INSTRUCTIONS TO FOLLOW:
Write out exactly, and only, the lines below from the line with "뉴스펀치 이현승 기자" through the line with "Pot de fleur"; pictures do not belong in the copy.

SUPPLIED RECORDS:

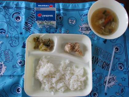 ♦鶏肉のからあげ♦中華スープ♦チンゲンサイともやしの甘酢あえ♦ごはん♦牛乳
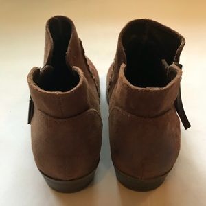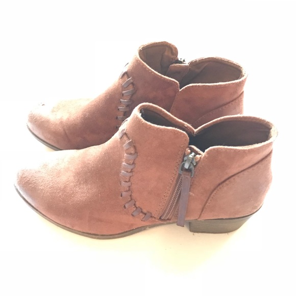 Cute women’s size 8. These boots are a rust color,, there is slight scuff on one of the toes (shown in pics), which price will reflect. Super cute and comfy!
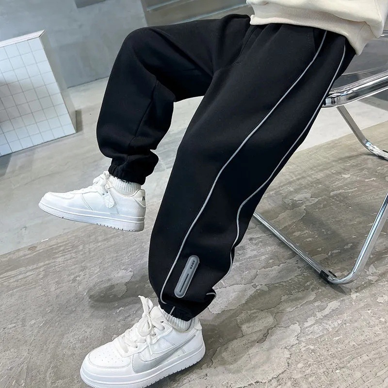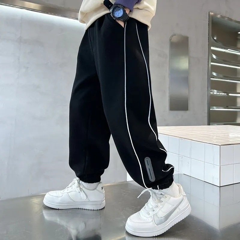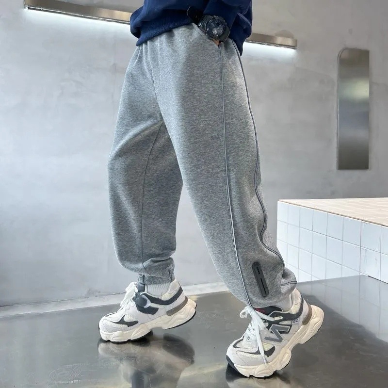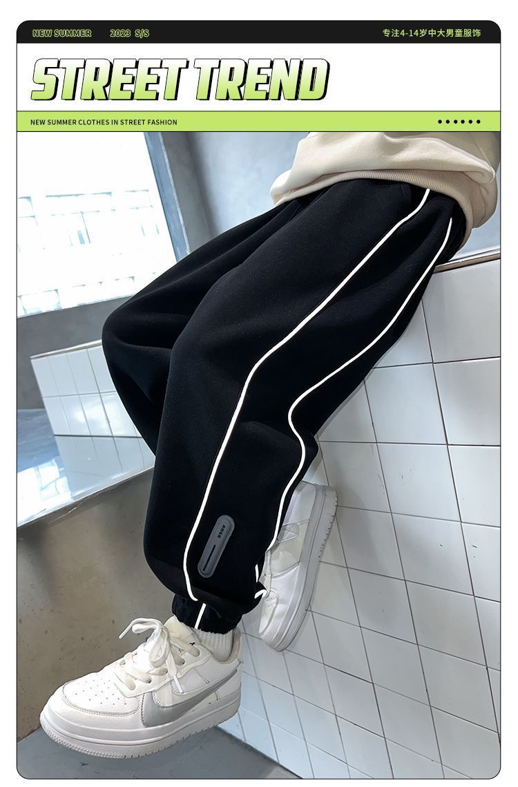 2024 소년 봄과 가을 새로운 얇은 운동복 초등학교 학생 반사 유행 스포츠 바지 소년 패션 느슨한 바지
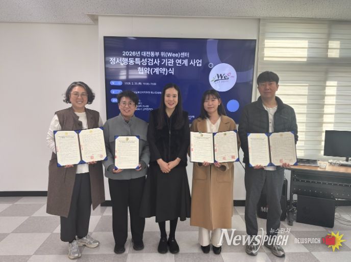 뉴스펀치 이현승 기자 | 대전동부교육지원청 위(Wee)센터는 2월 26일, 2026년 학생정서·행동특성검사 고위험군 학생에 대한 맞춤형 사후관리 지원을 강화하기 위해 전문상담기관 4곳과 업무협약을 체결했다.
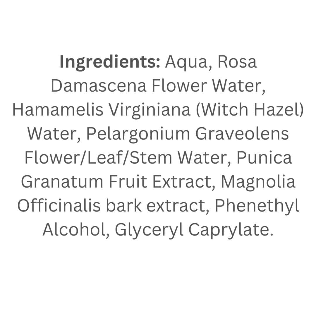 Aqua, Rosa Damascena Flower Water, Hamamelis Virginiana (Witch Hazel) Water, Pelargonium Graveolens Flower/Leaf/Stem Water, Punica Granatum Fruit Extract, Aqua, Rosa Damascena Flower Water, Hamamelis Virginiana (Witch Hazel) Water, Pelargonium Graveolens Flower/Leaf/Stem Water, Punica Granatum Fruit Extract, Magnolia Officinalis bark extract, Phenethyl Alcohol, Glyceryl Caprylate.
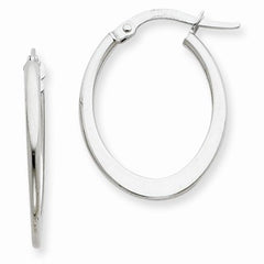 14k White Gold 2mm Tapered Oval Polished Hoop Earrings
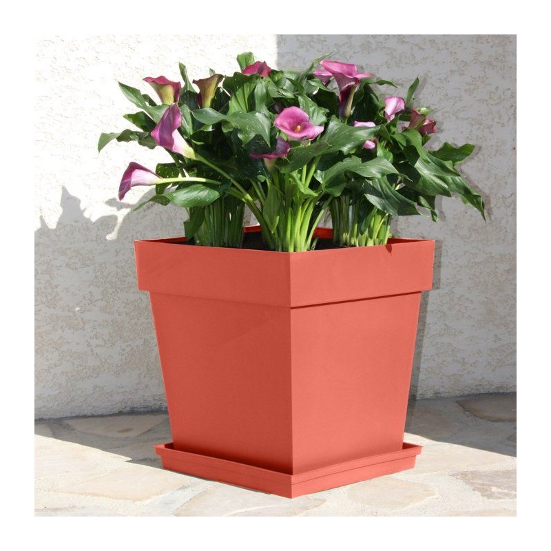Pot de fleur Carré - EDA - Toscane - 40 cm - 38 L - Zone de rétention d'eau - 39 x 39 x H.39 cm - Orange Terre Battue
* * *
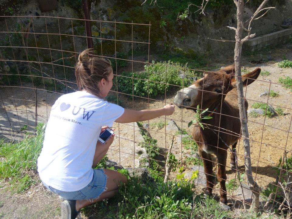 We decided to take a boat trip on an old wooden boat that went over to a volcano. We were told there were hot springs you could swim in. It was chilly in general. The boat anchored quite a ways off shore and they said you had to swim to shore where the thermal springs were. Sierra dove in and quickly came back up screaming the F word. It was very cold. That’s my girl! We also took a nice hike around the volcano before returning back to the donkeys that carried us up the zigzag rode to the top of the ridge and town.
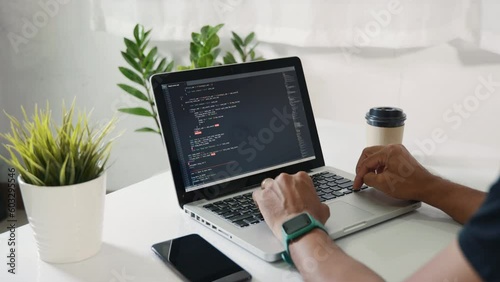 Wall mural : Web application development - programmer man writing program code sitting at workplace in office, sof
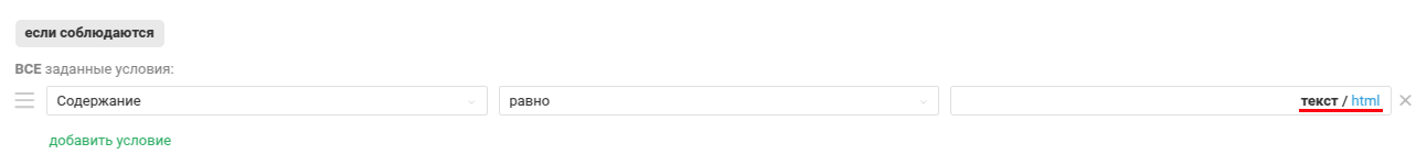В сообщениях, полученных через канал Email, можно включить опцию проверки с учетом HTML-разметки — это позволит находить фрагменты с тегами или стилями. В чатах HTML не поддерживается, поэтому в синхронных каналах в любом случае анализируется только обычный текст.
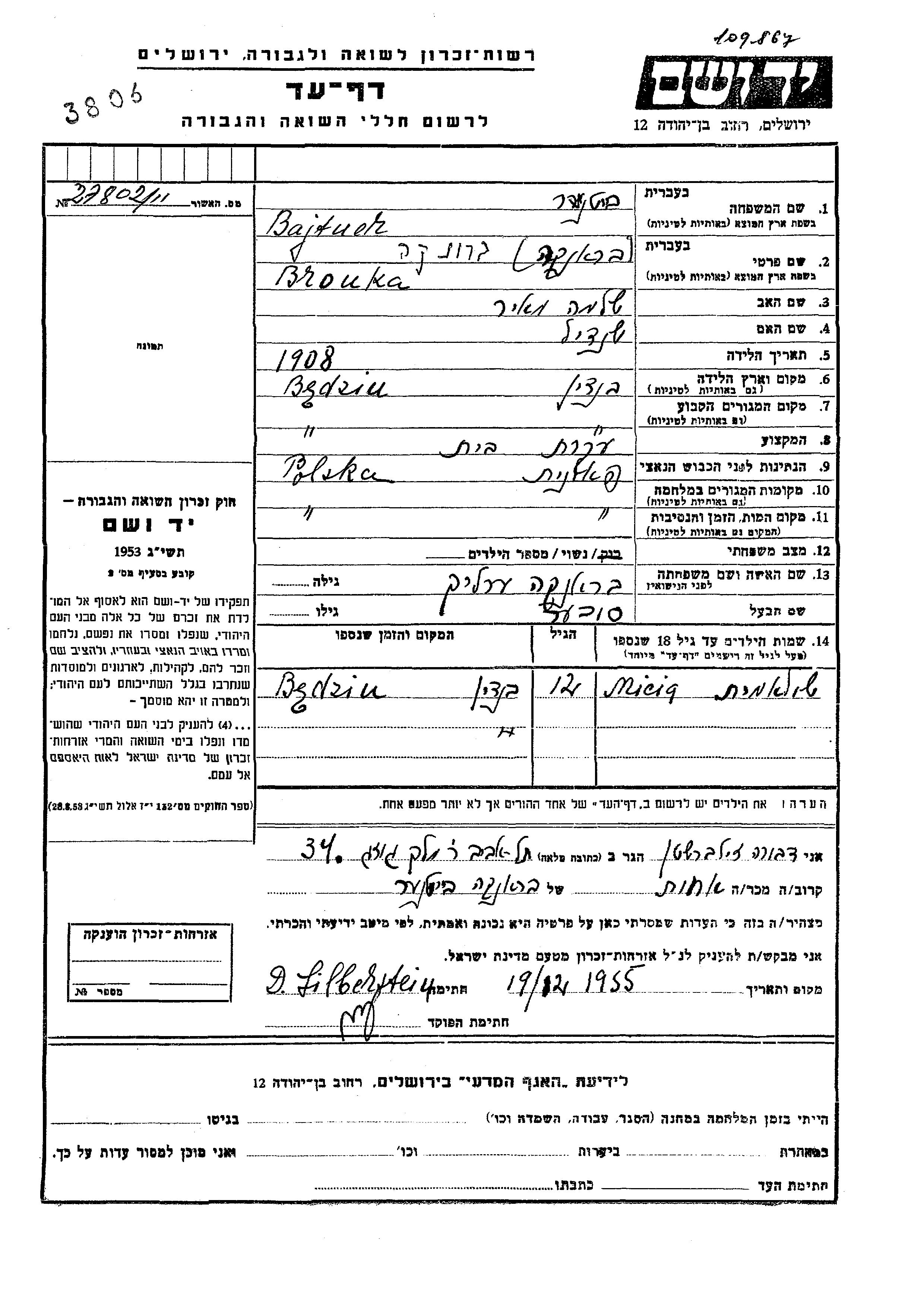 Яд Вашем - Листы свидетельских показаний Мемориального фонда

EXERCISE RESULT:
 뉴스펀치 이현승 기자 | 대전동부교육지원청 위(Wee)센터는 2월 26일, 2026년 학생정서·행동특성검사 고위험군 학생에 대한 맞춤형 사후관리 지원을 강화하기 위해 전문상담기관 4곳과 업무협약을 체결했다.
 Aqua, Rosa Damascena Flower Water, Hamamelis Virginiana (Witch Hazel) Water, Pelargonium Graveolens Flower/Leaf/Stem Water, Punica Granatum Fruit Extract, Aqua, Rosa Damascena Flower Water, Hamamelis Virginiana (Witch Hazel) Water, Pelargonium Graveolens Flower/Leaf/Stem Water, Punica Granatum Fruit Extract, Magnolia Officinalis bark extract, Phenethyl Alcohol, Glyceryl Caprylate.
 14k White Gold 2mm Tapered Oval Polished Hoop Earrings
Pot de fleur Carré - EDA - Toscane - 40 cm - 38 L - Zone de rétention d'eau - 39 x 39 x H.39 cm - Orange Terre Battue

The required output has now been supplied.